A. Participant shall purchase from Lender and Lender
shall sell, transfer and convey to Participant an undivided 100.0%
participation interest in and to such ASLs which are in compliance with
the representations and warranties given by Lender in this Agreement,
and which comply with Participant's underwriting criteria at the time
of Purchase, with an aggregate unpaid principal balance of up to such
limit as may be mutually agreed upon by the parties from time to time.

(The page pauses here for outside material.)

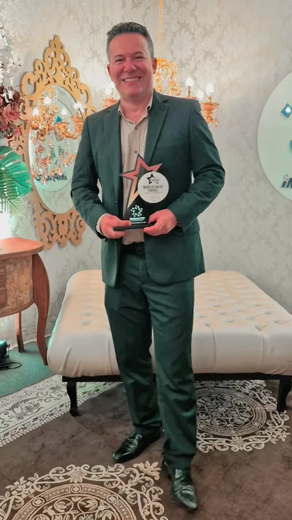 Entre os premiados da noite esteve o casal Marcelo Gimenes e Gracielle Blau. Eles foram reconhecidos por suas contribuições nas áreas de educação e comércio.
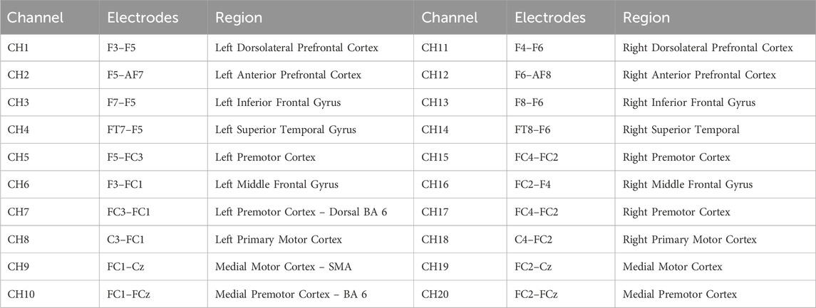 Consistent with these temporal trends, channel-level analyses (Tables 1, 2; Figure 3B) highlighted specific cortical regions showing marked differences between pre-fatigue and fatigue states. The medial premotor cortex (CH10) demonstrated increased outflow during fatigue, while the right anterior prefrontal cortex (CH12) showed the most pronounced alterations, with strong changes in both inflow and outflow. Additional effects were observed in the right inferior frontal gyrus (CH13) and right superior temporal gyrus (CH14), both of which displayed altered inflow and outflow. Further outflow differences emerged in the right premotor cortex (CH15), right middle frontal gyrus (CH16), and right primary motor cortex (CH18). Finally, the medial motor cortex (CH19) exhibited robust changes in both inflow and outflow. Taken together, these findings indicate that fatigue selectively modulates connectivity within prefrontal, premotor, and motor regions, with particularly strong effects in right-hemispheric circuits.

Participation interests in ASLs which do not comply with Participant's
internal underwriting criteria, as modified from time to time in
Participant's sole discretion, shall not be subject to purchase; Lender
shall make available to Participant information as Participant may
reasonably request in order to enable Participant to make credit
decisions with respect to ASLs. Lender shall make such transfer and
shall keep its interest in the ASLs free and clear of all security
interests, liens or encumbrances of any nature whatsoever, provided,
however, the Participant acknowledges that First National Bank
Northeast holds legal title to the underlying promissory note
evidencing the ASL. The purchase price for such participation interests
shall be the amount equal to 100% of outstanding principal balance plus
100% of accrued and unpaid interest on the ASL being participated. The
purchase price shall be paid in immediately available funds.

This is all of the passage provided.